16 responses to “The Leanings of Love”

  1. Lisa Dennis says:

    Becky, I know this is a super late response, but I have a question or two for you. Have you ever considered natural/homeopathic remedies? And have you ever considered that gluten may be the culprit? I SO firmly believe that what we put in our bodies accounts for a lot of the problems we have physically. I am 46 and was having TERRIBLE drenching night sweats. I found a health food (mom & pop) store that had all these herbal remedies lining the walls of the store in Ball Jars. I got a liver cleanse and voila – the night sweats disappeared!! I’m telling you that to say that I’ll bet there is a natural way to fix the problem you’re having. I have a great interest in earth cures and have seen some really awesome things happen from going in that direction.

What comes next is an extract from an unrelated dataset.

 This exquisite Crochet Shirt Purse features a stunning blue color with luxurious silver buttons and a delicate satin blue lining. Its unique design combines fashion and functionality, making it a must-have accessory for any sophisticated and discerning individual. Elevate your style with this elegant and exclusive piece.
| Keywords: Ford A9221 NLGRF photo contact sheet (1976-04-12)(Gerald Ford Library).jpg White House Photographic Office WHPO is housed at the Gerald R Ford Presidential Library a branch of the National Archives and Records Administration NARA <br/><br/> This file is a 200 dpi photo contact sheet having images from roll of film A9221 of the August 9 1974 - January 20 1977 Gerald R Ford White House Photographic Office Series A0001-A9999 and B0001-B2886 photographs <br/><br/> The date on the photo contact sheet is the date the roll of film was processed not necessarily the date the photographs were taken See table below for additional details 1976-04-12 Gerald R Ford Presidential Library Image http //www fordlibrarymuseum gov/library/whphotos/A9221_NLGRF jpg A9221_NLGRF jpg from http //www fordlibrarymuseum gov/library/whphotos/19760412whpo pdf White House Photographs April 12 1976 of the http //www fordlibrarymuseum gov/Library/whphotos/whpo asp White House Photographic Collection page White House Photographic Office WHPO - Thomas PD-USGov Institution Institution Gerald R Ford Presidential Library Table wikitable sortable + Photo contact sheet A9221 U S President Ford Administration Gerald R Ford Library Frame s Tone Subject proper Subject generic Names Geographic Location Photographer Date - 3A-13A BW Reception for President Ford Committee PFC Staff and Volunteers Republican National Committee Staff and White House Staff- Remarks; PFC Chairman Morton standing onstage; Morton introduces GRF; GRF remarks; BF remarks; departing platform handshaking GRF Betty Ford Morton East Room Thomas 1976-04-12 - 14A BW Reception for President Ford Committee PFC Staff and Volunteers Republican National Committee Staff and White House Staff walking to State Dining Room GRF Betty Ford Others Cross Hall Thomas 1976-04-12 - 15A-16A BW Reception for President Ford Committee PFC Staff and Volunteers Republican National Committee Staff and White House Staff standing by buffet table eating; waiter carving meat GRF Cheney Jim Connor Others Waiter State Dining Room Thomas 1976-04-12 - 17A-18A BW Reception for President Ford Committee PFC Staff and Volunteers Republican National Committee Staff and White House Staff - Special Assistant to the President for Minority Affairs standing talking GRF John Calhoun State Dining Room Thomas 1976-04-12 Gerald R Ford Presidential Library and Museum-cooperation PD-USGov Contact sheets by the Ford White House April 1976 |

    Just something to consider from a long time reader of your blog. 🙂

    God bless you!

  2. lauren Callahan says:

    I am with you! Love each of my five children equally and differently. Sadly my youngest passed away this summer but I will alway have 5. They were all 18 months apart in age from each other and extremely close. Waiting for grandchildren!

    • Becky says:

      Lauren,

      So happy to read how much you love your sweet children. So sad to read that one of them passed away so recently. But I LOVED what you said that you “will always have five.” How very true that is.

      Here’s wishing for many grandchildren to continue to fill your lap and your heart!

      (And I was just thinking about 5 kids 18 months apart. Wow! You hand your hands full for a while!)

  3. Sheri says:

    OK. That is a magazine article for sure! Send it today! Love your “heart writings” my friend!

  4. Lesley says:

    pass the kleenex

  5. dmantik says:

    so good.

    • Becky says:

      Thanks, Deb. Your “Caleb Day” is comin’!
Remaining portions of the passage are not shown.